Tuesday, October 2, 2012

From the Houston Chronicle: Race to replace Ron Paul: The Houston area’s only competitive congressional race

As is generally the case, the only race in the general area where the eventual winner has not already locked up victory is in Ron Paul's open seat. The district has been redesigned to include some union friendly territory, so the Democratic and the Republican are running a tight race, which also features a Libertarian and Green Party candidate.

From the Chron:

One of the state’s 36 congressional races is a real, true, honest-to-goodness competition, according to the political maps, the candidates, the consultants, the activists and everybody else who’s paying attention.

Another 34 districts were designed to protect incumbents, the parties that now hold them, or both. Weird things happen in politics all the time, but barring the unexpected, those are set. The lawmakers who did the designing got what they wanted.

Then, there’s the race in the state’s 14th Congressional District — the place opened when U.S. Rep. Ron Paul, R-Lake Jackson, decided he wouldn’t seek another term. It’s been redrawn to include all of Jefferson and Galveston counties and part of Brazoria County.

State Rep. Randy Weber, R-Alvin, faces Democrat Nick Lampson, a former congressman from Beaumont; Libertarian Zach Grady; and the Green Party’s Rhett Rosenquest Smith.

It’s conservative turf. Gov. Rick Perry got 55.9 percent of the vote in his 2010 re-election. Two years before that, Republican U.S. Sen. John McCain got 57 percent of the vote in the presidential race.

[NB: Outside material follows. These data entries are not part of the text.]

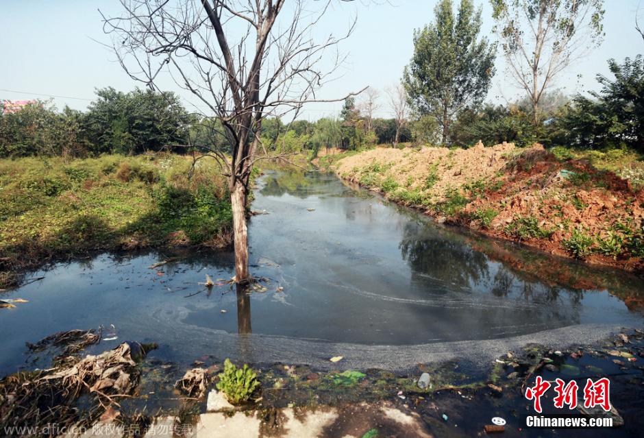 记者看到,原本供行人和车辆行走的水泥路被污水“阻断”,为了方便行走,行人在污水中放置了十数块砖头。污水面约有四五米宽,往北看,上游似乎是一条新挖的渠沟,水流并不快,水中是各种垃圾、青苔以及虫子,几棵树稀拉拉地浸泡在水中,已经完全枯死。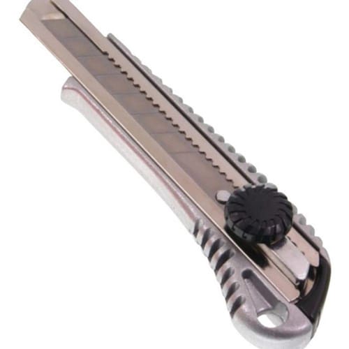 Possui corpo em liga de alumínio: mais resistência - Guia metálica: precisão e segurança - Botão parafuso giratório que permite travar e lâmina facilitando seu manuseio - Design especial para melhor agarre - Acompanha: 1 lâmina. - Tamanho da lâmina: 18 mm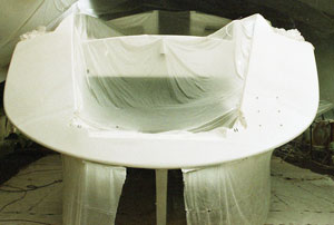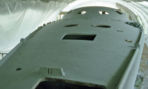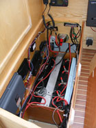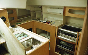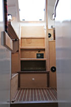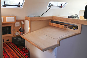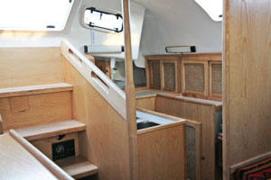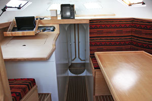 La coque et le pont élaborés chacun sur une forme mâle présentent côté intérieur un aspect lisse qui limitera l'application d'un enduit. Le voilier étant insubmersible la majorité des cloisons sont en sandwich. Façonnées sur un moule plan elles présentent une face totalement lisse, Nous n'aurons à enduire qu'une face et aussi la stratification des liaisons pont-cloisons et coque-cloisons. Passer l'enduit est une chose mais poncer un enduit époxy dans un espace restreint n'est ni simple ni commode. Nous appliquerons ensuite une peinture époxy dans les fonds et une peinture polyuréthane bi-composant sur le reste de la coque. Les aménagements,simples et fonctionnels, en contre-plaqué marine finition frêne associé à des massifs frêne eux aussi, seront traités avec une lasure incolore pour faciliter l'entretien. Nous poserons les circuits d'eau et d'électricité au cours de l'installation de l'ameublement. L'électronique du bord attendra la fin des travaux pour être installée.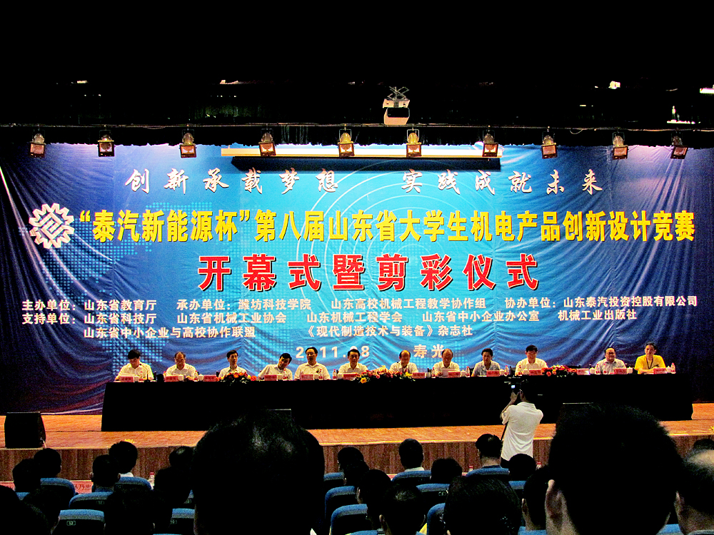 本次競賽由山東省教育廳主辦,濰坊科技學院、山東高校機械工程教學協作組承辦,山東省科技廳、山東省機械工業協會、山東機械工程學會、山東省中小企業辦公室、機械工業出版社等單位支持,全省高校共同參與的一次機電產品創新設計盛會,旨在增強省內高校大學生的創新意識、動手實踐能力和團隊協作精神,本次大賽圍繞“節能、低碳、綠色、健康”為主題,結合山東泰汽投資控股有限公司的發展需求,本著“創新承載夢想、實踐成就未來”的精神進行創新實踐活動,從全省73所高校2563件作品中推選出了 482件參加決賽。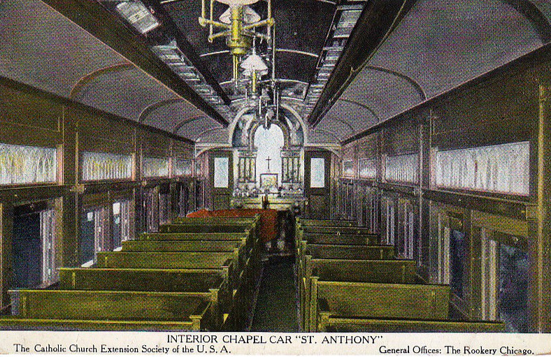 The postcard depicts the exterior of the “St. Anthony” Chapel car. The “St. Anthony” remained in service from 1909 to 1919, according to Wikipedia. Photo by The Catholic Extension Society of the U.S.A. for Wikimedia Commons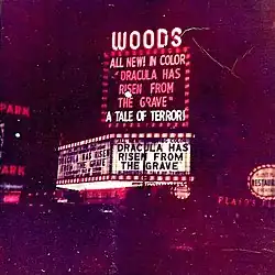 In its later years the quality of the venue declined. In 1982, the management had to pay for medical treatments when a patron was bitten by a rat during a show.[2] By 1988, the Woods had become the last of the Chicago Loop movie houses. It closed on January 8, 1989, after a screening of Hellbound: Hellraiser II.[3]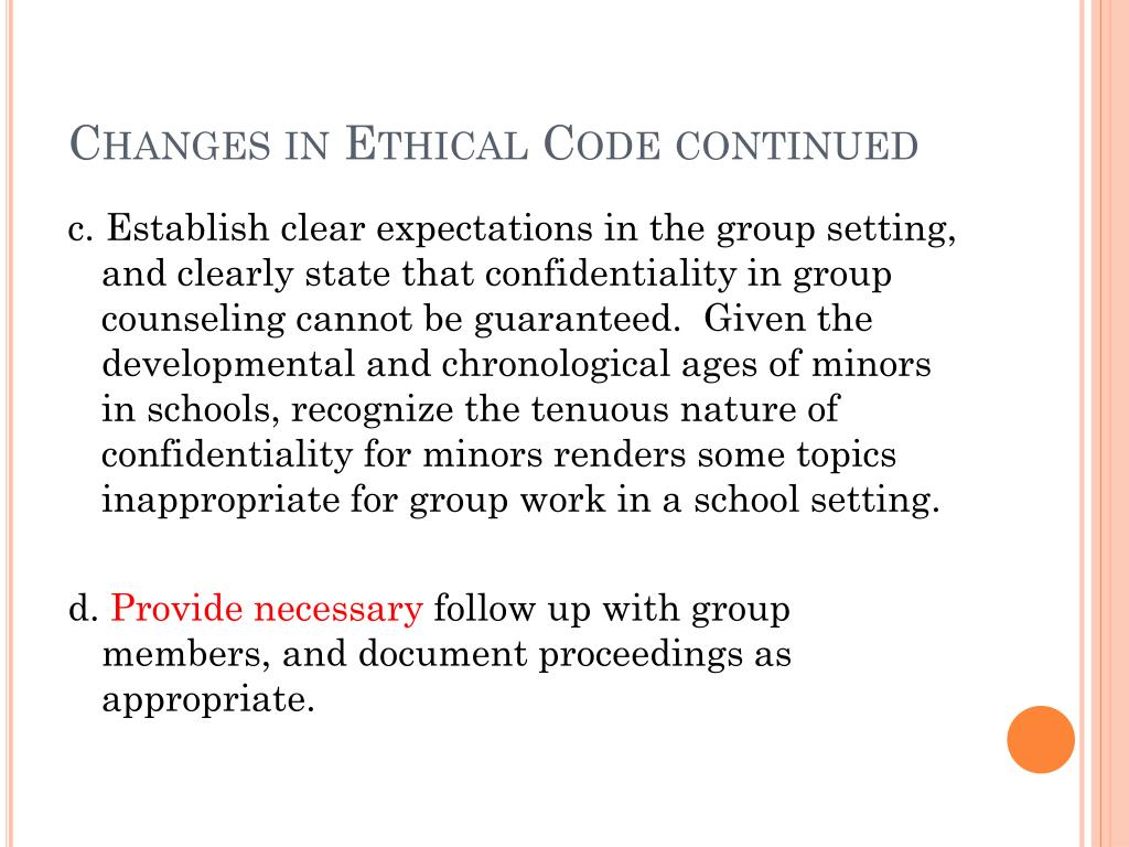 Changes in Ethical Code continued c. Establish clear expectations in the group setting, and clearly state that confidentiality in group counseling cannot be guaranteed. Given the developmental and chronological ages of minors in schools, recognize the tenuous nature of confidentiality for minors renders some topics inappropriate for group work in a school setting. d. Provide necessary follow up with group members, and document proceedings as appropriate.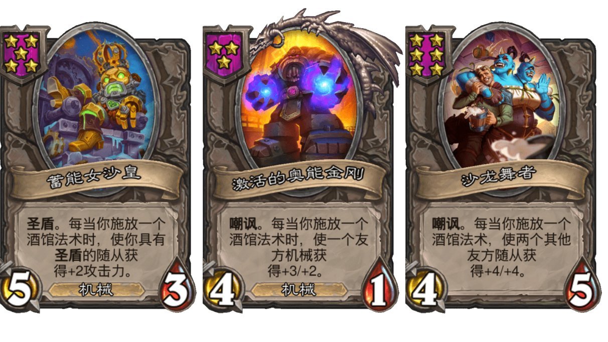 三個非常超模的隨從組合出來的陣容,強度甚至力壓摩托豬一頭(成型快,加快本局節奏)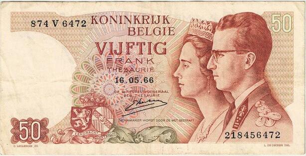 Q5666 Banknote Belgium 50 Francs Baudouin I Queen Fabiola 1966 -> Make offer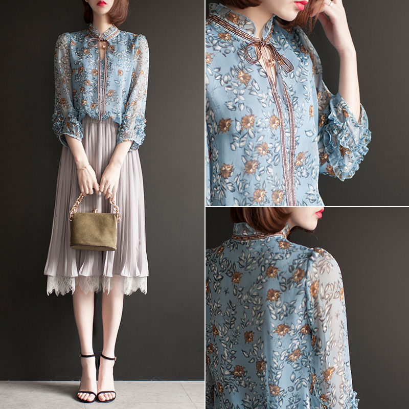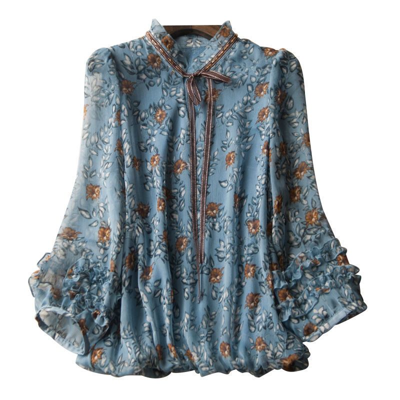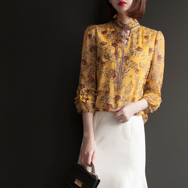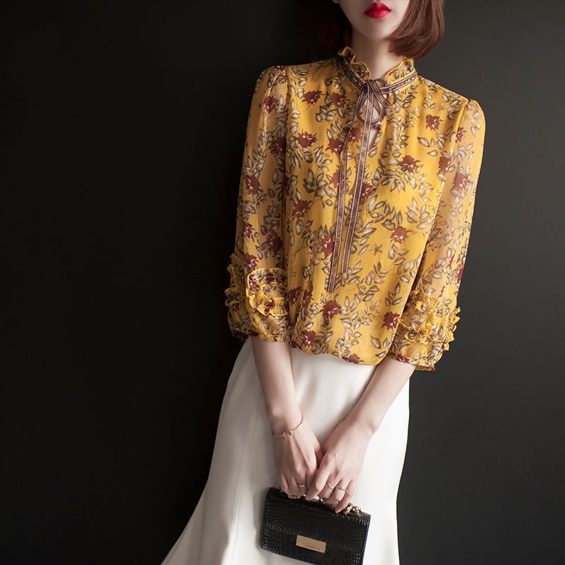洋气小衫女2023春装新款复古灯笼袖打底衫女装收腰上衣碎花雪纺衫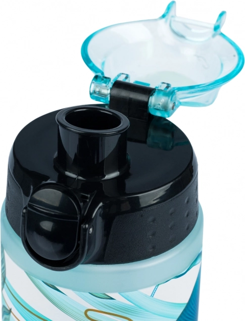 Verriegelbarer Flip-Verschluss mit Knopf verhindert Auslaufen in der Tasche und ermöglicht komfortables Trinken mit einer Hand.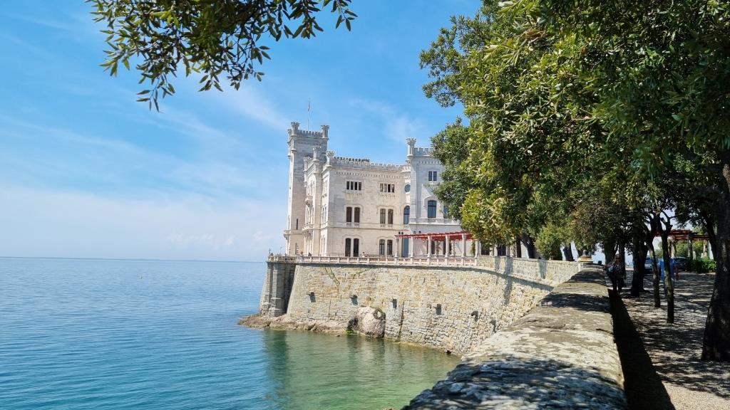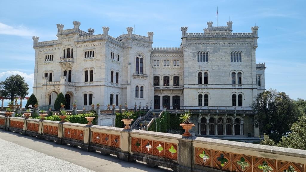 Auf unserem Roadtrip durch Kroatien besuchen wir bei der Anreise noch die italienische Stadt Triest. Wir bleiben auch hier, wie in Padua, eine Nacht. Von Padua nach Triest braucht man knapp 2 Stunden. Unterwegs machen wir Halt beim Castello Miramare vor Triest. Wir sehen uns das Schloss, das der Bruder des österreichischen Kaiser Franz-Joseph I, Maximilian, bauen liess von aussen an. Das Schloss liegt sehr schön mit herrlicher Sicht aufs Meer, die Gartenanlage ist sehr schön gemacht.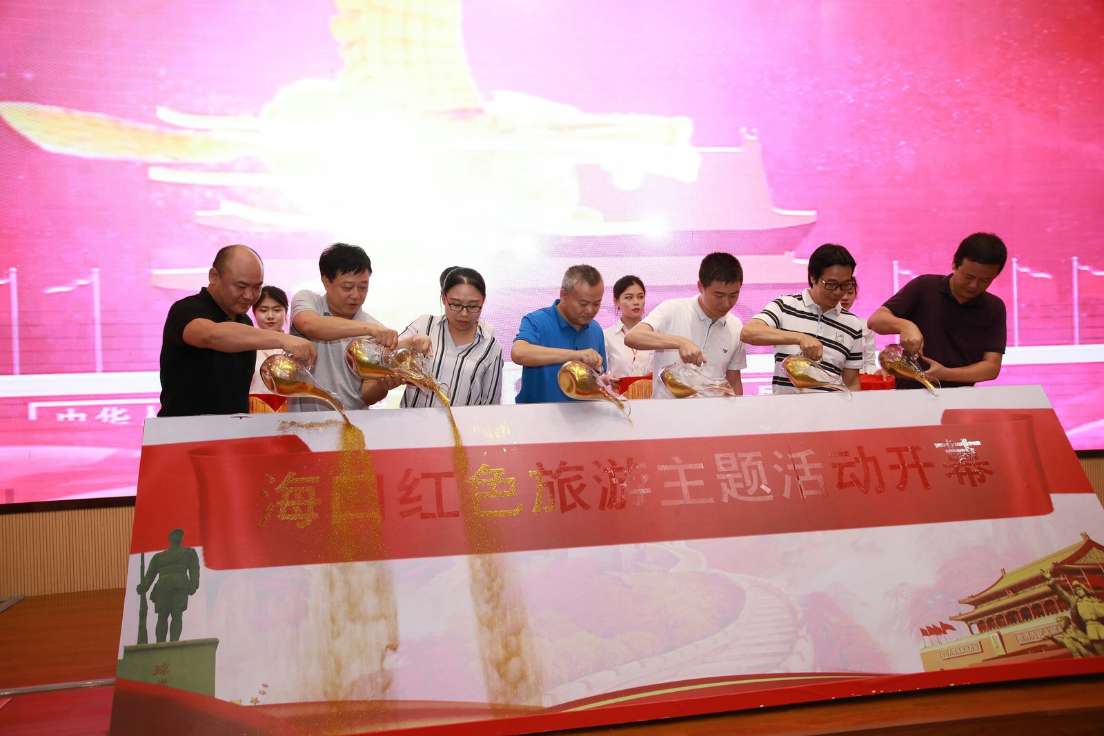 此次“我和我的祖國”海口紅色旅遊主題活動由海口市旅遊和文化廣電體育局主辦,圍繞繼往開來、憶苦思甜、情暖人心、不忘初心、舉國歡慶五個主題進行組織策劃,設置開幕式、紅色夏令營、公益扶貧、研學線路、全城互動五大板塊,歷時一個半月;通過組織參觀體驗、夏令營、研學、助力扶貧等方式,讓活動參與者“游中學、學中游、寓教於游”,將革命歷史、革命傳統和革命精神通過旅遊傳輸給廣大市民遊客,給人們以知識的汲取、心靈的震撼、精神的激勵和思想的啟迪。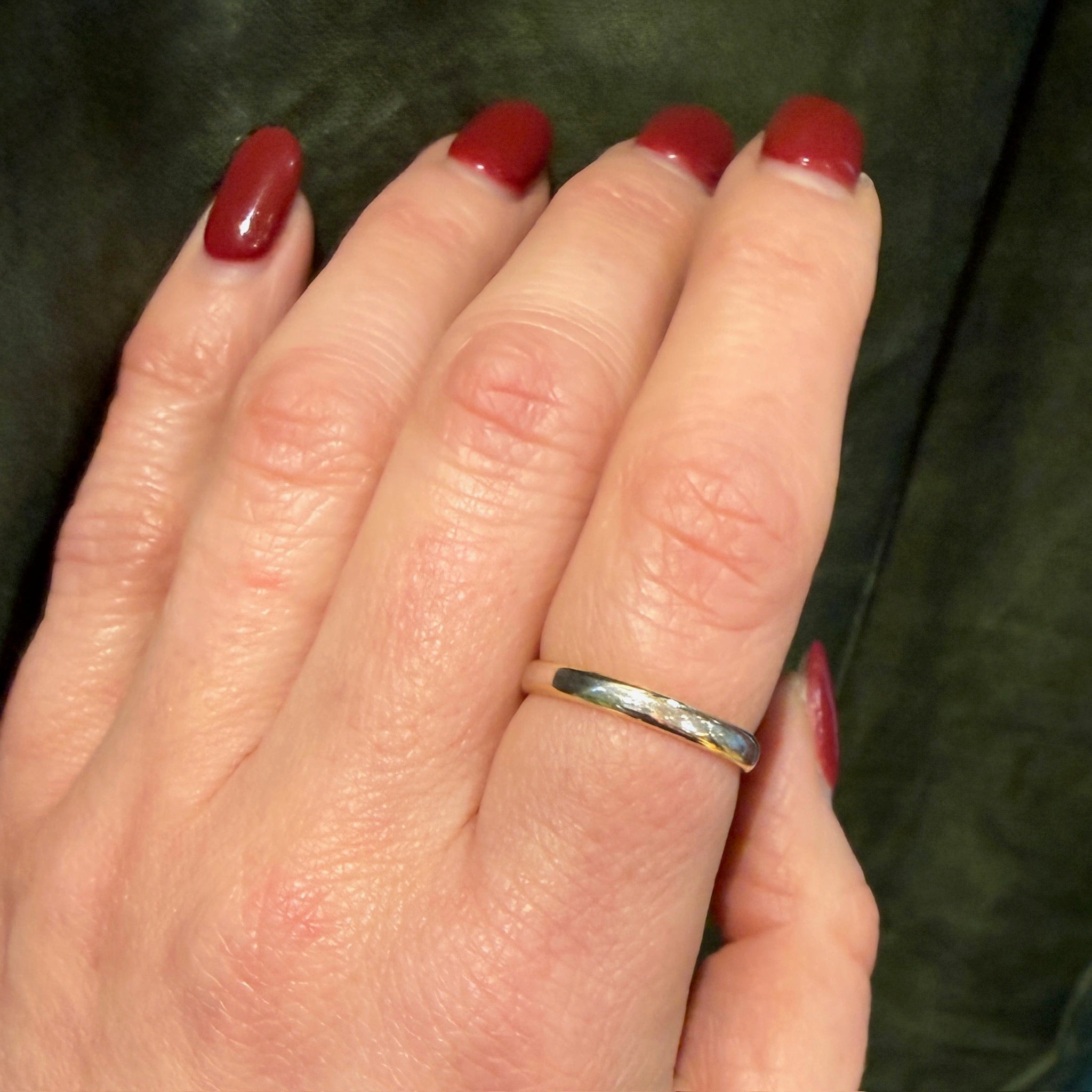 This unusual wedding band is made of 14k yellow gold with a band of silver in the middle. It is quite rare, dated 1941 when the use of Platinum was reserved for war use only, they got creative with white metals.

Weber is counting on those tendencies — and on the unpopularity of President Obama in the district — to carry the day.

Lampson has run in this area before, on different political maps, at different times, but on political ground that closely matches the current district. He’s a known quantity, he argues. And though he has lost a couple of races since leaving Congress, he says a Democrat can succeed under the right circumstances, especially at a time when voters are fed up with partisans.